Selon Pravind Jugnauth, ce verdict va encore plus loin car il vient établir une frontière maritime permanente par rapport à l’archipel des Chagos et vient consolider le statut de Maurice comme un État côtier souverain. «J’espère que nous pourrons travailler avec les Maldives pour protéger et préserver l’environnement marin dans la région des Chagos. Cela va aussi nous permettre de travailler sur un plan pour le relogement aux Chagos afin que les compatriotes puissent retourner y vivre.»
Les compagnies de pêche pointées du doigt ?
Si c’est motus et bouche cousue du côté du gouvernement concernant les allégations de corruption, Alan Ganoo, ministre des Affaires étrangères, n’a eu d’autre choix que de répondre vaguement à une question de la presse sur le sujet lors d’une de ses sorties cette semaine. S’il dit avoir pris connaissance de ces allégations dans la presse, mais qu’il ne peut pas interférer dans les affaires maldiviennes, il souhaite attendre une copie des travaux parlementaires maldiviens avant de faire plus de commentaires. Toutefois, Alan Ganoo a déclaré que si certains accusent le gouvernement mauricien d’avoir payé ce pot-de-vin, d’autres pointent du doigt les compagnies de pêche qui opèrent dans la zone concernée. Suite à cette déclaration, la Sustainable Tuna Association a sorti un communiqué pour nier toute implication dans cette affaire.

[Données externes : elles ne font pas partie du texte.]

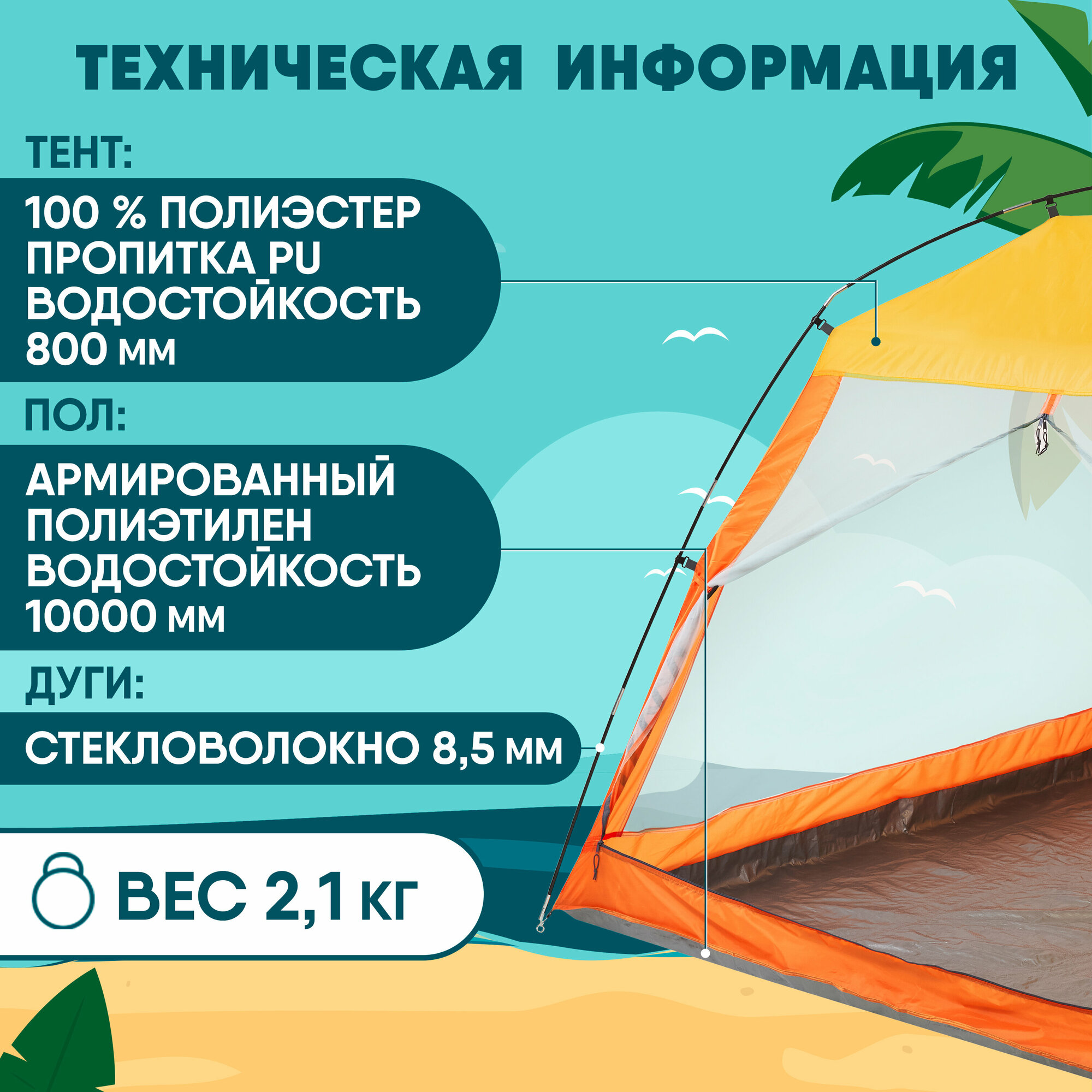 | Водостойкость тента | 800 мм вод. ст. |

Ces allégations de pot-de-vin interviennent alors que Maurice et les Maldives sont pris dans un contentieux sur la délimitation des eaux territoriales. Quel regard jetez-vous sur cette affaire ?
Il s’agit d’accusations d’une extrême gravité, d’une corruption très élevée. Il y a des éléments très troublants : d’abord, c’est une accusation visant le gouvernement de Maurice par des hommes politiques étrangers. On ne prend pas à la légère les dirigeants d’un autre pays. Les faits ont été dénoncés à la justice maldivienne et ont aussi été portés à la connaissance du Tribunal international du droit de la mer. À ma connaissance, l’auteur des accusations n’a pas été poursuivi pour diffamation ou propagation de fausses nouvelles. Les faits n’ont pas été démentis par les principaux protagonistes de l’affaire. Et l’accusation de corruption donne une explication à un changement drastique de position du président maldivien, changement qu’on pourrait difficilement expliquer par une autre logique.
Quelles répercussions peuvent avoir ces allégations de «secret deal worth USD 500 millions» sur Maurice ?
Pour l’image de Maurice, c’est catastrophique. La communauté internationale est silencieuse mais regarde et se fait une idée, indépendamment de la justice.
Le Premier ministre ne devrait-il pas s’expliquer sur ces accusations ?
Pravind Jugnauth donne l’impression qu’il ne peut s’expliquer sur cette affaire de peur d'entrer en contradiction avec ce que le président maldivien pourrait déclarer dans son pays. Le droit au silence est hélas retenu contre la personne qui l’exerce dans le monde politique.